The cows drifted out onto the range.
Everyone traveled by covered wagon. They traveled from one stream to the next. My daddy told me that when he traveled,
that if you could not find a stream you would find the nearest cabin. The farmer would let you camp in his pasture for the
night. My daddy came from Kentucky, when some of the family go sick and died, you would bury them where ever you were camped
at. They may not have a marker to show where they were buried.
They would clear land in the winter and farm it during the summer. Fort Smith was the nearest place of business. When
the crops were gathered the neighbors would get together and go to Fort Smith. They would get as far as Spiro the first night,
and then to Fort Smith the next day. They sold salt and flour in fifty gallon barrels. They would buy coffee still green.
When they need coffee they would parch the coffee in the fire, and grind it up.
We lived mainly off the face of the earth. We would kill us a deer or some other game.
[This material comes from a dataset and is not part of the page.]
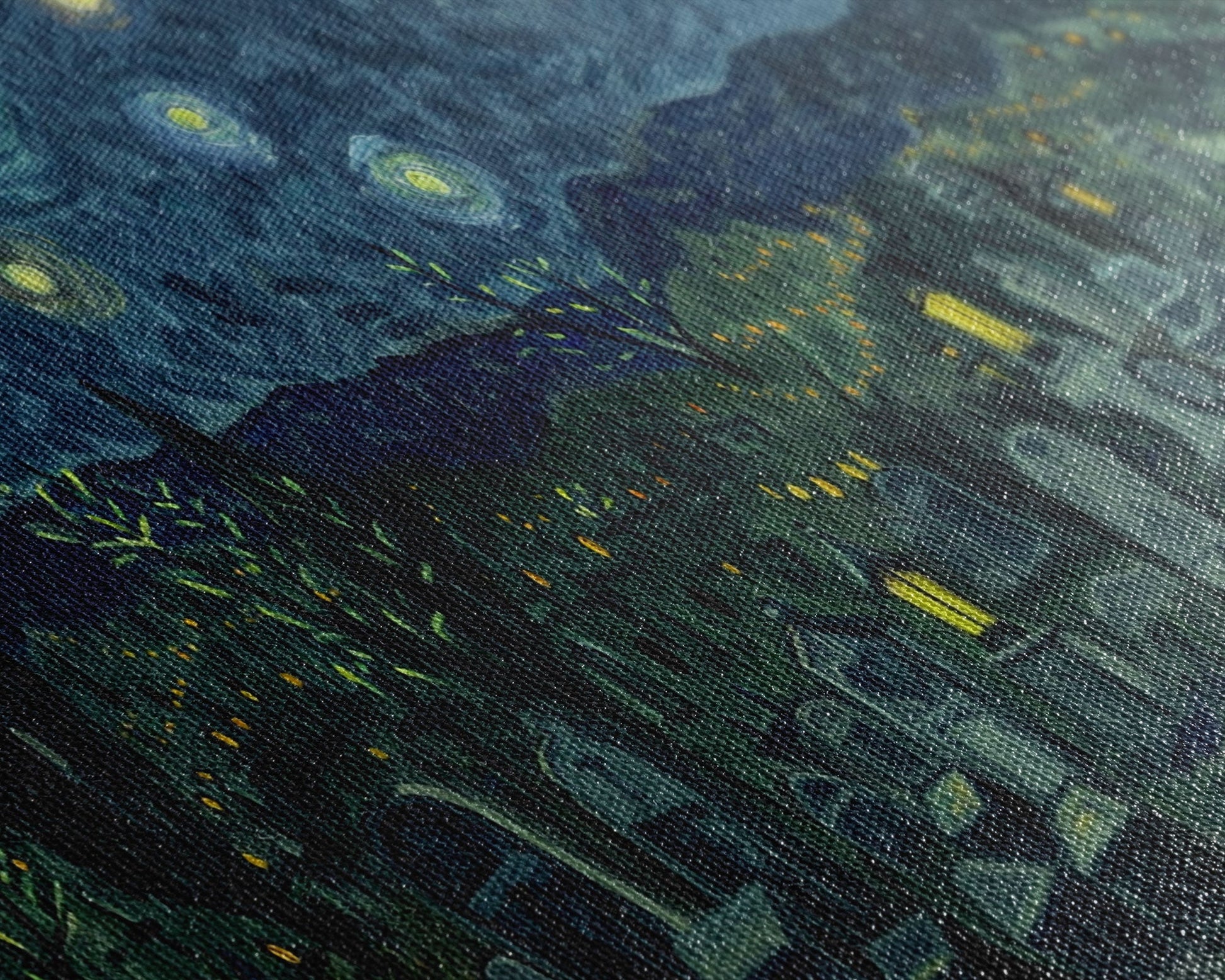 Most of our canvases are made in the USA, with the exception of canvases ordered with the light oak unstained frames, and any large canvases (24x48, 30x60, 16x48 and 20x60) ordered WITH a frame. These are temporarily made in and shipped from Europe, while we try to find a more consistent supplier in the USA.

If we needed something sweet
we would find a bee tree. You hardly ever saw a doctor. He would travel in a buggy. They would call him to Blaine Bottom.
You would not see him for days. They had a lot of typhoid fever. The doctor would hire someone to drive the wagon while
The way Stigler go it's name from Bill Stigler's daddy. His father came and built a store and post office in this town.
Judge Garland had a house a couple miles from Stigler. His house had 15 rooms. Every now and then he would have a party.
His hired help would kill 15 hogs.
DAVID PHILLIPS: Tell about the time you worked at Oklahoma State Prison.
BASS McGUIRE: I worked at the prison for three years. When I worked there the prison was self-supporting. The prison
had it's own garden, dairy, and ranch. They would can the vegetables and sell them to schools, churches, and other organizations.
DAVID PHILLIPS: Were there ever any escaped during your time?
BASS McGUIRE: No, the only bad incident was when I had to shoot a n----- with a gas gun. He threw hot coffee into the
face of a fellow inmate because he would not slip him a knife. I asked the guy if he wanted to beat the n----- up, but he
said he was afraid. We decided to move the n----- to solitary. He would not move out of his cell, I shot him in the head
with a 12 gauge gas gun. He came out in a hurry. After I had locked him up without a mattress, he stuffed his shirt down
the toilet. He turned the water on and flooded the whole floor. The next morning he wanted me to clean the water out of
his cell. I told him, hell no, he made the mess, he could live in it.
(This concludes the interview of Bass McGuire, by David Phillips.)